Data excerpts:
== Segment start ==

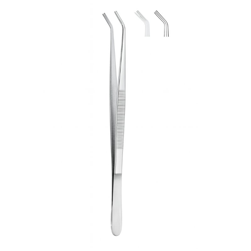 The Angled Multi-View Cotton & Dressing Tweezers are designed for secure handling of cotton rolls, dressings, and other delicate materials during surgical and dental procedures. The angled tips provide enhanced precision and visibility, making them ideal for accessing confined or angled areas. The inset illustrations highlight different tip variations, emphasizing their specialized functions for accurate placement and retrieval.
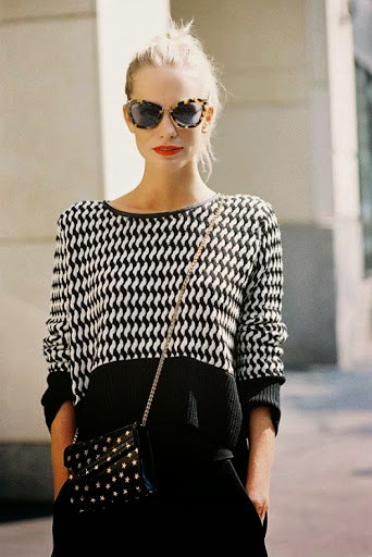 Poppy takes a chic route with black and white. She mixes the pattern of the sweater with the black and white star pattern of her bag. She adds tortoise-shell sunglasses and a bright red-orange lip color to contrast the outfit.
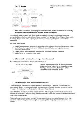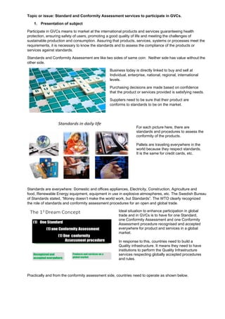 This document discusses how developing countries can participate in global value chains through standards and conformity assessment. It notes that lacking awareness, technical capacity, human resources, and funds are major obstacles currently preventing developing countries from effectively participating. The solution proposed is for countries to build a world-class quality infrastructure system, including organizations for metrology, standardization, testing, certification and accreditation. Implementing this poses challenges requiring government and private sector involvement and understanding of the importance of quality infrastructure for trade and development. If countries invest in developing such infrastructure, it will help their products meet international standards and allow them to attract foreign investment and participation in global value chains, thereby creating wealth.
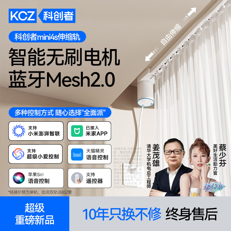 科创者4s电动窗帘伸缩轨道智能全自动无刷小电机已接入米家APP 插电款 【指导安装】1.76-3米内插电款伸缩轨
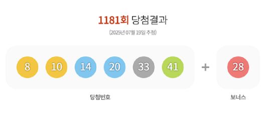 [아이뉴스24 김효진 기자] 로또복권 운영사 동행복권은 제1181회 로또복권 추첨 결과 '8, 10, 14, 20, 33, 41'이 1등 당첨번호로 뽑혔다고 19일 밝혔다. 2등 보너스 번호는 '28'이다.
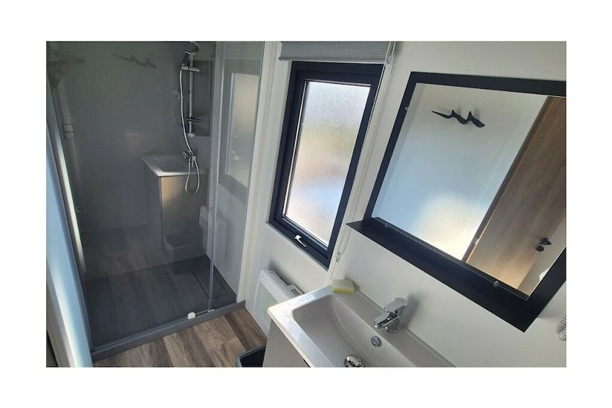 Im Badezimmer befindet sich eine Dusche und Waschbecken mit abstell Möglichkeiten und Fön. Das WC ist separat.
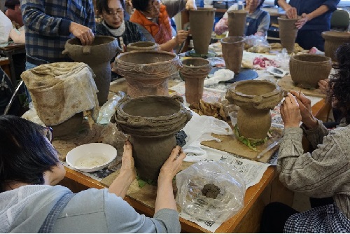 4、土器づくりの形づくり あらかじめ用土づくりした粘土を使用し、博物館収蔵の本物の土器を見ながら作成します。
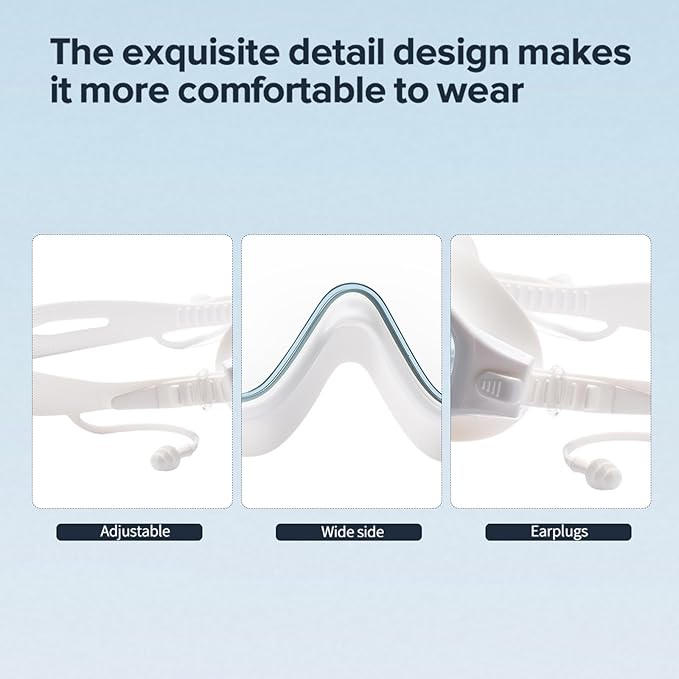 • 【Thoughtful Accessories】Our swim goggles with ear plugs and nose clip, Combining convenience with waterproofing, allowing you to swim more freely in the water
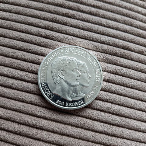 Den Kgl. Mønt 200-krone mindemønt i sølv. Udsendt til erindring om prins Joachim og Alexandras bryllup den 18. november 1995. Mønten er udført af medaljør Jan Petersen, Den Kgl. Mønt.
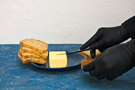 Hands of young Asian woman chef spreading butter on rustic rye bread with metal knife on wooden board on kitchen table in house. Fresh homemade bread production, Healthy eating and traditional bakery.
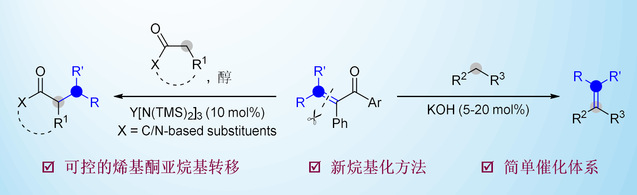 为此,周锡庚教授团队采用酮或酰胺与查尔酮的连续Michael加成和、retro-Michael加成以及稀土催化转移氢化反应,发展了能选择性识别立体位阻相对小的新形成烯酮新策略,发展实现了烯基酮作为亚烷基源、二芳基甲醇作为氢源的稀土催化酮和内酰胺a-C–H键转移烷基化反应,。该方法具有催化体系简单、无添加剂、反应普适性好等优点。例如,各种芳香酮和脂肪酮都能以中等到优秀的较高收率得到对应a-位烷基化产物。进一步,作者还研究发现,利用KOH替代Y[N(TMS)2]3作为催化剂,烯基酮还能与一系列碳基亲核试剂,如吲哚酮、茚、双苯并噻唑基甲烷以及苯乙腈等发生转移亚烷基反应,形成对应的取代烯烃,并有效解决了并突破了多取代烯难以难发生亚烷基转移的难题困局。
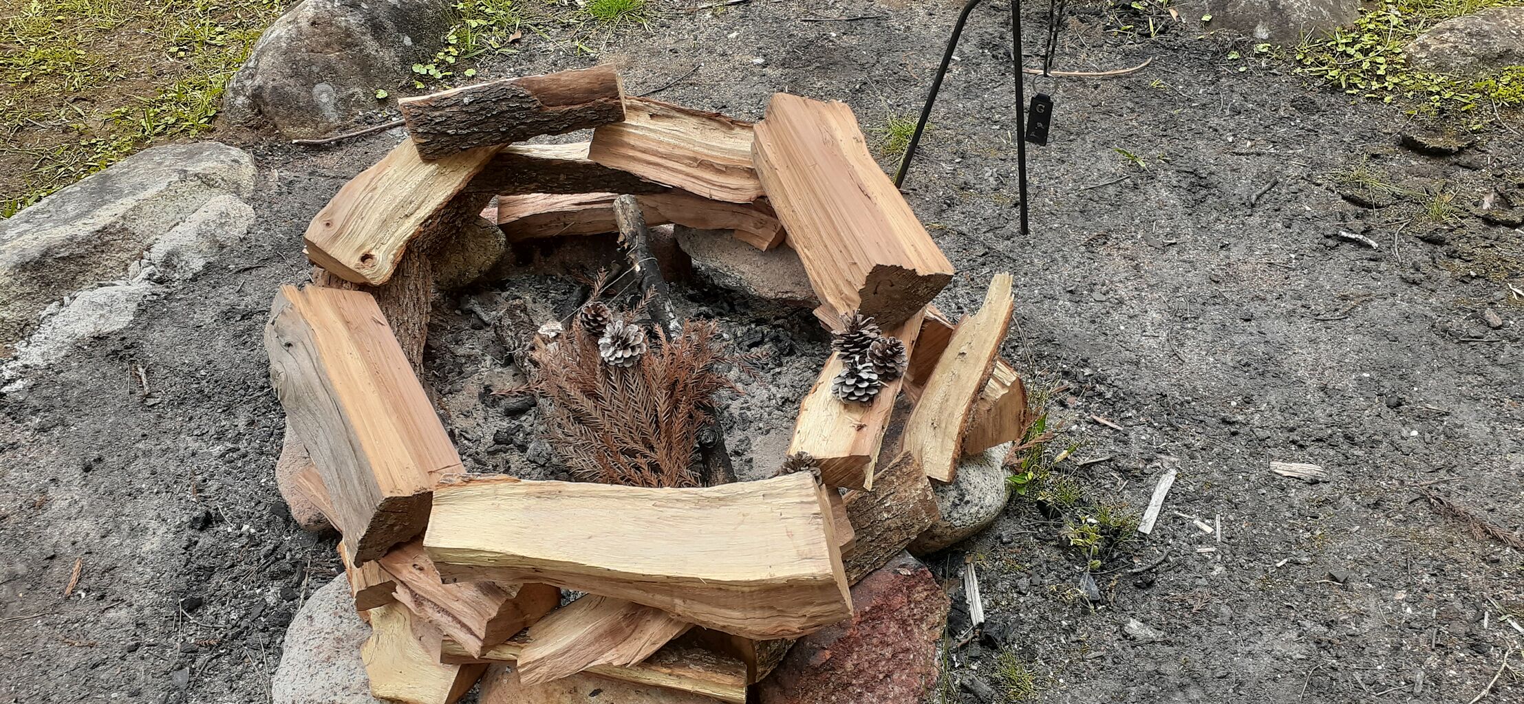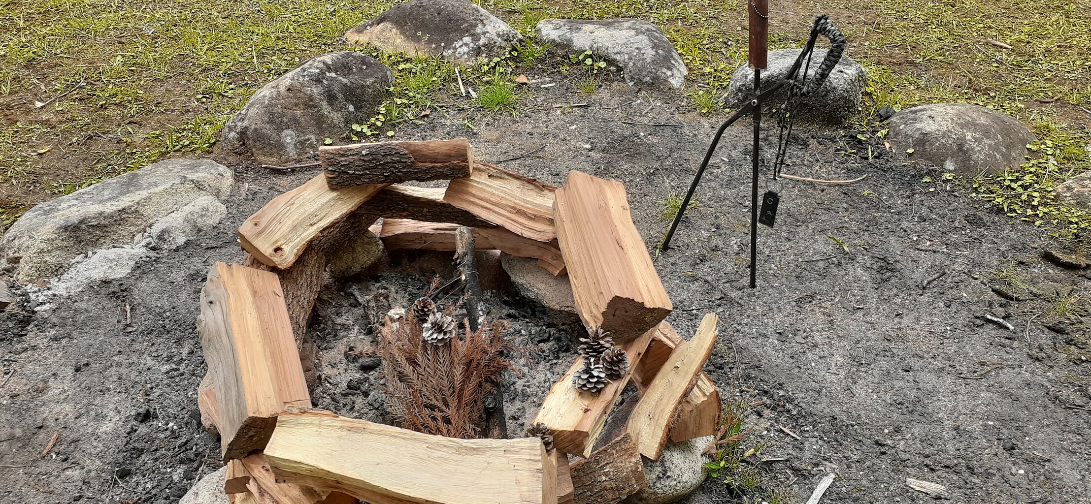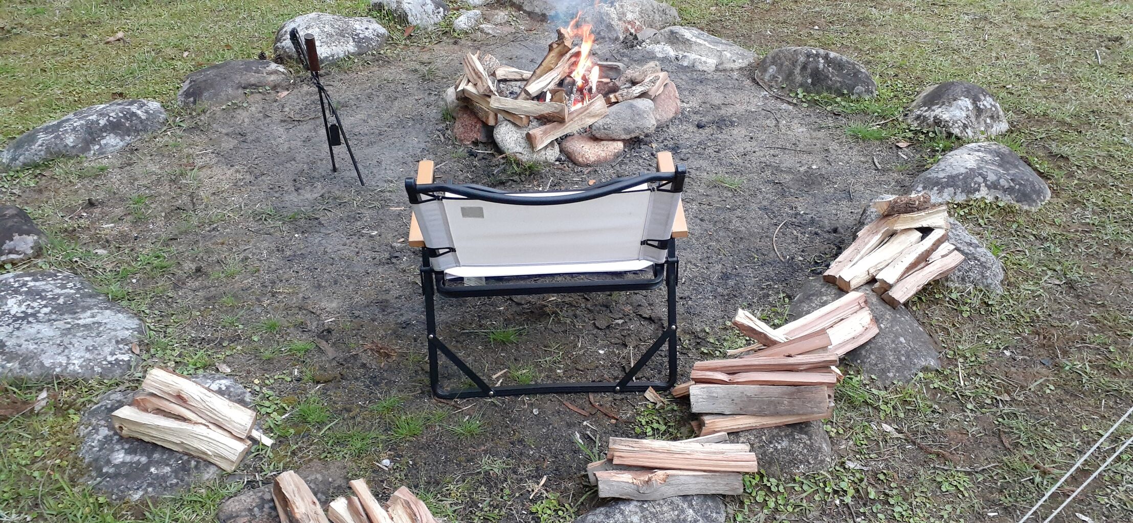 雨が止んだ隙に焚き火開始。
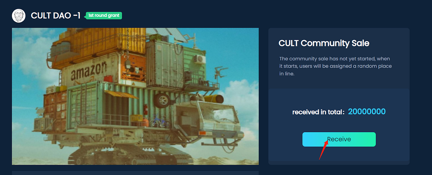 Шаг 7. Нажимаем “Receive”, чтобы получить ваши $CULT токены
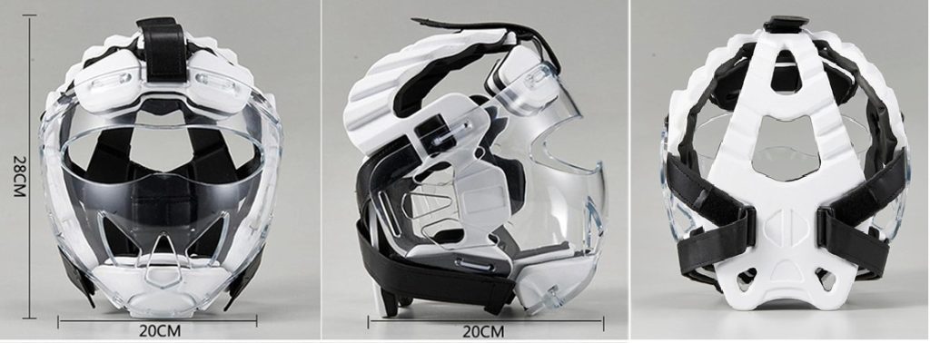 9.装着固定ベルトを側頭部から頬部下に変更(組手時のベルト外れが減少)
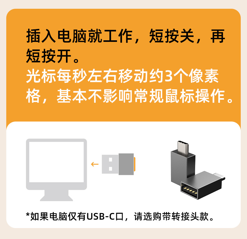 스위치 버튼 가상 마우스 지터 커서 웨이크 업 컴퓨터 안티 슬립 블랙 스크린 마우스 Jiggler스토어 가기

== Segment end ==

* [PROBLEM TO WORK ON] In the copy, no pictures should appear; the records themselves must be repeated exactly.

* [RESPONSE BOX]
 The Angled Multi-View Cotton & Dressing Tweezers are designed for secure handling of cotton rolls, dressings, and other delicate materials during surgical and dental procedures. The angled tips provide enhanced precision and visibility, making them ideal for accessing confined or angled areas. The inset illustrations highlight different tip variations, emphasizing their specialized functions for accurate placement and retrieval.
 Poppy takes a chic route with black and white. She mixes the pattern of the sweater with the black and white star pattern of her bag. She adds tortoise-shell sunglasses and a bright red-orange lip color to contrast the outfit.
 This document discusses how developing countries can participate in global value chains through standards and conformity assessment. It notes that lacking awareness, technical capacity, human resources, and funds are major obstacles currently preventing developing countries from effectively participating. The solution proposed is for countries to build a world-class quality infrastructure system, including organizations for metrology, standardization, testing, certification and accreditation. Implementing this poses challenges requiring government and private sector involvement and understanding of the importance of quality infrastructure for trade and development. If countries invest in developing such infrastructure, it will help their products meet international standards and allow them to attract foreign investment and participation in global value chains, thereby creating wealth.
 科创者4s电动窗帘伸缩轨道智能全自动无刷小电机已接入米家APP 插电款 【指导安装】1.76-3米内插电款伸缩轨
 [아이뉴스24 김효진 기자] 로또복권 운영사 동행복권은 제1181회 로또복권 추첨 결과 '8, 10, 14, 20, 33, 41'이 1등 당첨번호로 뽑혔다고 19일 밝혔다. 2등 보너스 번호는 '28'이다.
 Im Badezimmer befindet sich eine Dusche und Waschbecken mit abstell Möglichkeiten und Fön. Das WC ist separat.
 4、土器づくりの形づくり あらかじめ用土づくりした粘土を使用し、博物館収蔵の本物の土器を見ながら作成します。
 • 【Thoughtful Accessories】Our swim goggles with ear plugs and nose clip, Combining convenience with waterproofing, allowing you to swim more freely in the water
 Den Kgl. Mønt 200-krone mindemønt i sølv. Udsendt til erindring om prins Joachim og Alexandras bryllup den 18. november 1995. Mønten er udført af medaljør Jan Petersen, Den Kgl. Mønt.
 Hands of young Asian woman chef spreading butter on rustic rye bread with metal knife on wooden board on kitchen table in house. Fresh homemade bread production, Healthy eating and traditional bakery.
 为此,周锡庚教授团队采用酮或酰胺与查尔酮的连续Michael加成和、retro-Michael加成以及稀土催化转移氢化反应,发展了能选择性识别立体位阻相对小的新形成烯酮新策略,发展实现了烯基酮作为亚烷基源、二芳基甲醇作为氢源的稀土催化酮和内酰胺a-C–H键转移烷基化反应,。该方法具有催化体系简单、无添加剂、反应普适性好等优点。例如,各种芳香酮和脂肪酮都能以中等到优秀的较高收率得到对应a-位烷基化产物。进一步,作者还研究发现,利用KOH替代Y[N(TMS)2]3作为催化剂,烯基酮还能与一系列碳基亲核试剂,如吲哚酮、茚、双苯并噻唑基甲烷以及苯乙腈等发生转移亚烷基反应,形成对应的取代烯烃,并有效解决了并突破了多取代烯难以难发生亚烷基转移的难题困局。
 雨が止んだ隙に焚き火開始。
 Шаг 7. Нажимаем “Receive”, чтобы получить ваши $CULT токены
 9.装着固定ベルトを側頭部から頬部下に変更(組手時のベルト外れが減少)
 스위치 버튼 가상 마우스 지터 커서 웨이크 업 컴퓨터 안티 슬립 블랙 스크린 마우스 Jiggler스토어 가기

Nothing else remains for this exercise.